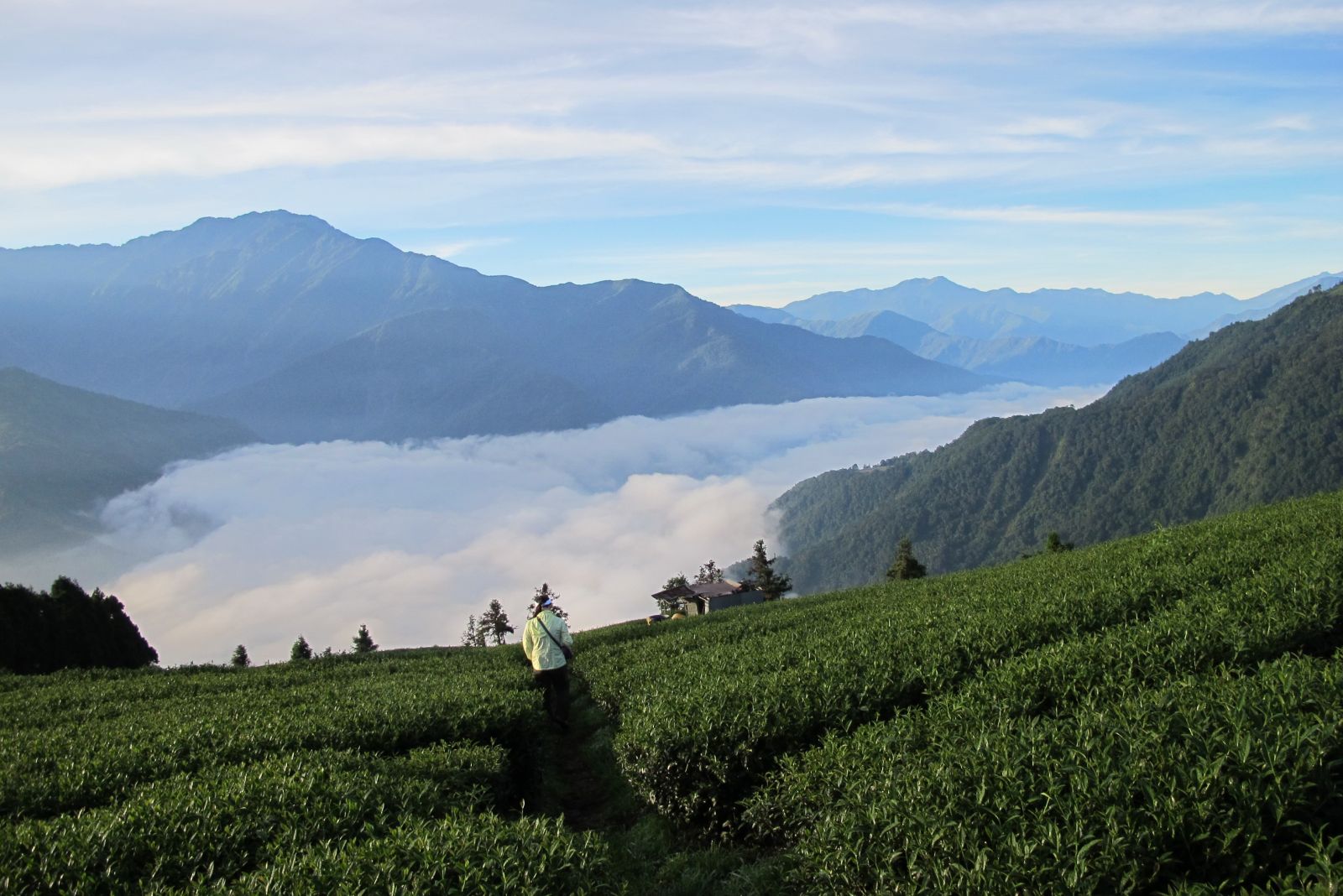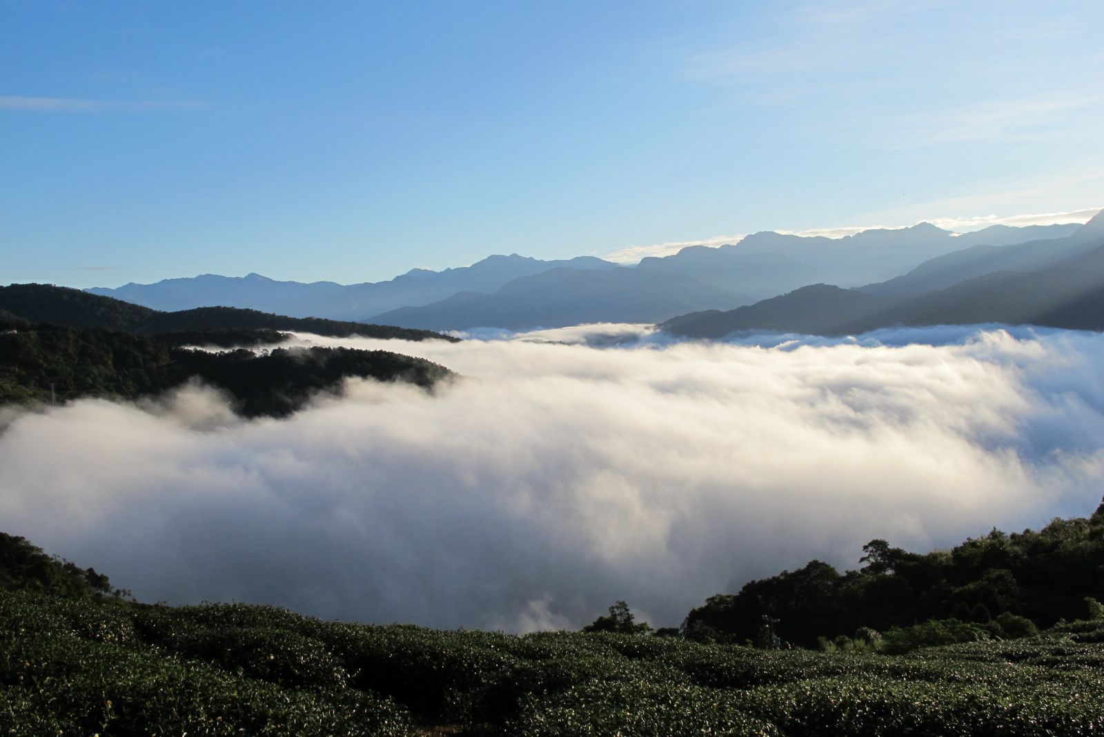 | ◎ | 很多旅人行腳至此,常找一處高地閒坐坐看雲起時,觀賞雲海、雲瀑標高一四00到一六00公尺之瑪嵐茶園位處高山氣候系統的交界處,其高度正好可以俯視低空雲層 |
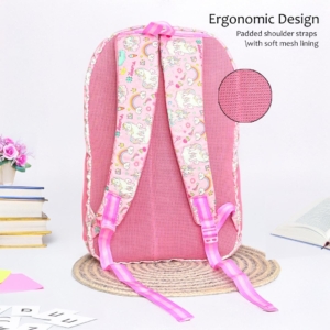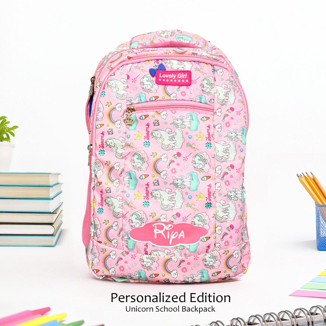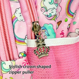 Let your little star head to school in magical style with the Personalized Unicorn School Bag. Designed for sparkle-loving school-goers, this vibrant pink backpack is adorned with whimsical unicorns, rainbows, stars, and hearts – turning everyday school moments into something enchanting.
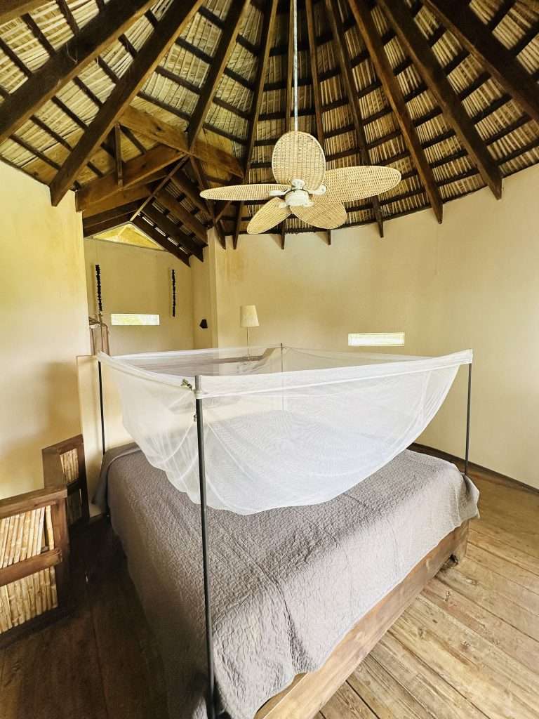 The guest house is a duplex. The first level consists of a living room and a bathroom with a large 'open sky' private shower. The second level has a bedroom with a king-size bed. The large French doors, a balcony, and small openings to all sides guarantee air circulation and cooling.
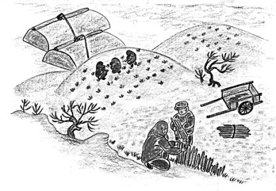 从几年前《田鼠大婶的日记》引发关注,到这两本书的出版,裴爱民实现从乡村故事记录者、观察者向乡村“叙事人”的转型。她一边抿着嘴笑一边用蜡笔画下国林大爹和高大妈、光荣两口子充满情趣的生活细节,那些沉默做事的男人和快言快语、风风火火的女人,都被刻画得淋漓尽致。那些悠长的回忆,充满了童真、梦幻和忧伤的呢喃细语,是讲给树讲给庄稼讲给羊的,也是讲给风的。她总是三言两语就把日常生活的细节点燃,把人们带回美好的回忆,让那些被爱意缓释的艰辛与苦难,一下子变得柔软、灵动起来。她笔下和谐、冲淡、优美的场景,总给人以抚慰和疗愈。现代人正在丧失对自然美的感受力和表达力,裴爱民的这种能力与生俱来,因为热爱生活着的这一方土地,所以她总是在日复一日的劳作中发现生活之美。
---+---
**Exercise**
Print each line of the listing, starting at its first and ending with the line that holds "Let your little", but skip any pictures.

**Output for this exercise**
 | ◎ | 很多旅人行腳至此,常找一處高地閒坐坐看雲起時,觀賞雲海、雲瀑標高一四00到一六00公尺之瑪嵐茶園位處高山氣候系統的交界處,其高度正好可以俯視低空雲層 |
 Let your little star head to school in magical style with the Personalized Unicorn School Bag. Designed for sparkle-loving school-goers, this vibrant pink backpack is adorned with whimsical unicorns, rainbows, stars, and hearts – turning everyday school moments into something enchanting.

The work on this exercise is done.